But . . . we have made sure that we address this question peacefully, not injecting American military forces into combat but letting the strength of our nation be felt in a beneficial way. . . .
Reagan (rebuttal): I question the figure about the decline in defense spending under the two previous administrations . . . I would call to your attention that we were in a war that wound down during those eight years, which, of course, made a change in military spending because of a turning from war to peace.
I also would like to point out the Republican presidents in those years, faced with the Democratic majority in both houses of the Congress, found that their requests for defense budgets were very often cut.
Now, Gerald Ford left a five-year projected plan for a military buildup to restore our defenses and President Carter's administration reduced that by 38 percent . . . and now is planning a mobile military force that can be delivered to various spots in the world, which does make me question his assaults on whether I am the one that is quick to look for use of force.
Carter (response): . . . I think habitually Governor Reagan has advocated the injection of military forces into troubled areas when I and my predecessors, both Democrats and Republicans, have advocated resolving those troubles . . . peacefully, diplomatically and through negotiation. . . . Inflation and the Economy
Q: Mr. President, when you were elected in 1976, the Consumer Price Index stood at 4.8 percent. It now stands at more than 12 percent. . . . Now a part of that was due to external factors beyond U.S. control, notably the more than doubling of oil prices by OPEC last year. Because the United States remains vulmerable to such external shocks, can inflation, in fact, be controlled? If so, what measures would you pursue in a second term?

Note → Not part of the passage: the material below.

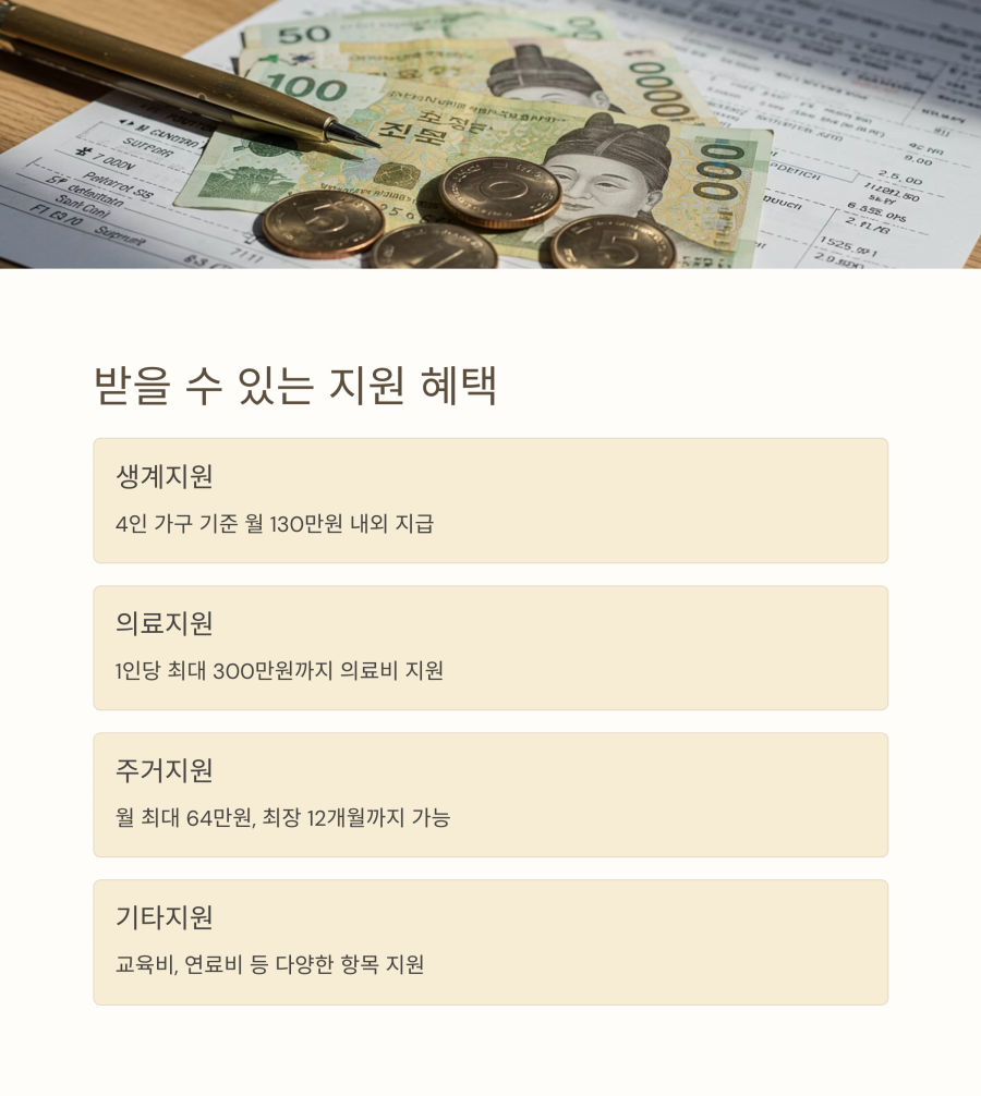 먼저, 생계지원은 식료품비, 의복비 등 생계유지에 필요한 비용을 지원해 주는 제도예요. 4인 가구 기준으로 월 130만원 내외의 지원을 받을 수 있어요. 🏠

Carter: . . . In 1974 we had a so-called oil shock, wherein the price of OPEC oil was raised to an extraordinary degree. We had an even worse oil shock in 1979. In 1974 we had the worst recession, the deepest and most penetrating recession since the Second World War. The recession that resulted this time was the briefest we've had since the Second World War.
In addition, we've brought down inflation. Early this year, the quarter, we did have a very severe inflation pressure, brought about by the OPEC price increase. It averaged about 18 percent the first quarter of this year. . . . The most recent figures, the last three months or the third quarter of this year, the inflation rate is 7 percent. Still too high, but it illustrates very vividly that in addition to providing an enormous number of jobs -- 9 million new jobs in the last 3 1/2 years -- that the inflationary threat is still urgent on us.
I noticed that Governor Reagan recently mentioned the Reagan-Kemp-Roth proposal . . . and said that it would result in a 30 percent inflation rate. And Business Week, which is not a Democratic publication, said that this Reagan-Kemp-Roth proposal . . . was completely irresponsible and would result in inflationary pressures which would destroy this nation.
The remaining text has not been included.